Оставшись наедине с Аринкой, старичок захохотал.
— Кожухов… — удивилась Аринка. — Черт ряженый! Зачем тебя принесло?
— По твою душу!
Кожухов заглянул в окно, подбежал и прикрыл поплотнее дверь. Остроносое лицо его сделалось серьезным. Откинув полу зипуна, достал из кармана штанов большую пачку денег, перевязанную шпагатом, сунул ей в руки.
— Это для кого? — спросила Аринка.
— Передай Клепикову. Ты посещаешь тюрьму, как условлено?
— Была два раза.
— Добейся свидания с ним и скажи ему, что скоро предстоит встреча с друзьями. Ну, повтори!
— Скоро предстоит встреча с друзьями.
— Так. И поплачь для приличия, словно твое горе шире моря.
— Опять суд назначили?
— Похоже на то.
— И Гагарина будут судить вместе с Клепиковым?
— Как жили, так и придется доживать. Одной веревочкой связаны.
Аринка догадалась, что Кожухов прибыл к Васе Пятиалтынному по совету Ефима. Значит, брат находится в безопасном месте. Вероятнее всего, он укрылся у тех могущественных людей, которые до сих пор затягивают разбор дела Клепикова.
Сердце дрогнуло от радости, а мысли вернулись к Степану, и стала крепнуть Аринкина заветная мечта.

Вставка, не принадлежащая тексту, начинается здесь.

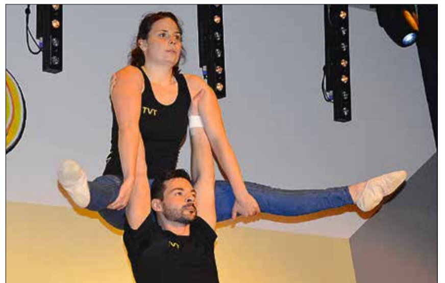
Überzeugende Darbietungen von Damenriege und Turnern.

Die Jugi-Mädchen widmeten sich in ihrer Aufführung den Haustieren Katze und Hund, während Damenriege und Turner das Thema Seitensprung wortwörtlich auf die Teufenthaler Bühne brachten. Auch nach der Pause zeigte sich das Publikum begeistert von Nummern wie «Wöschwiiber», dem WG-«Spieleabend» oder dem Fernsehabend der grösseren Jugiknaben. Gegen Ende des abwechslungsreichen Turnerabends durfte natürlich die grosse WG-Party nicht fehlen, an der doch die eine oder andere Überraschung mit im Programm war.

На другой день Аринка приехала в город. Она прошла возле окон уездного исполкома и слегка задержалась у парадного, надеясь хоть мельком увидеть Степана. Однако по лестнице сбегали и поднимались незнакомые люди, холодно и отчужденно поглядывая на закутанную в шаль девушку.
Между тем Степан сидел во втором этаже исполкома и принимал важного посетителя. К нему зашел грузный человек, только что выбравшийся из орловского поезда, — губернский юрист. Положив огромный, с бесчисленными застежками и ремнями портфель на стол, посетитель снял с облысевшей, увитой синими жилками, клинообразной головы каракулевую шапку-пирожок. Разлепил тонкие губы и выразил в чрезвычайно многословных и умных фразах свое удовольствие по случаю данного знакомства.
Потом обстоятельно изложил цель приезда. Как и опасался Степан, некие губернские органы весьма заинтересовались делом Клепикова, объединив его с делом Гагарина, и нашли необходимым перевести обоих преступников из уездной тюрьмы в губернскую.
— Их будет судить орловский военно-революционный трибунал, — заключил юрист.
Степан улыбнулся, скрывая внутреннее раздражение.
— В добрый час. Очевидно, вы не доверяете нам судить этих двух подлецов, которых следовало бы давно расстрелять в ближайшем овраге.
Губернский юрист изобразил на своем лице подобие снисходительной улыбки. Он принял слова Степана за шутку. Это был застарелый законник, чванливый и высокомерный. Впрочем, его миссия заключалась не в том, чтобы обсуждать с товарищем Жердевым вопрос, уже решенный вышестоящими организациями.
Он откланялся, взял портфель и вышел.
Оставшись один, Степан долго ходил по кабинету негодуя. Он ругал губернского юриста и всех умных болтунов, которые торопились примазаться к успехам революции и которые поспешат отречься от нее при первых трудностях или неудаче.
— Постой, что за фамилия? Енушкевич… Не думает ли он отличиться на большом-то процессе? Полезть в гору? Плешивая башка…
Глава двадцать третья
— Да ты, молодуха, никак проснулась? — сказала Матрена, входя в комнату Насти и увидав ее уже одетой, хотя на запушенных морозом окнах едва обозначилась легкая просинь света. — Знать, одолела тебя хозяйственная заботушка. Только не бери, милая, рывком — скоро упаришься! Живи по старому обычаю: день хлопочи, ночь спи на печи.
Накрывая стол белой скатертью, Настя с улыбкой взглянула на солдатку.
— День для меня короток, тетка Матрена. Вот я его и надставляю то с одного, то с другого конца. Получается жизнь из лоскутков, а мне и такая по душе.
В голосе Насти почувствовались нотки сдерживаемой радости и молодого задора. Все существо ее было переполнено счастьем, еще неведомым доселе, которого она не могла скрыть и за которое почему-то боялась. Словно за этим счастьем могли в любую минуту прийти, как за случайной находкой, отнять, выкрасть ночью.
«Птичка гнездо вьет — милого ждет», — думала Матрена, с невольной завистью оглядывая прибранную комнату, где за пунцовой занавеской спали дети.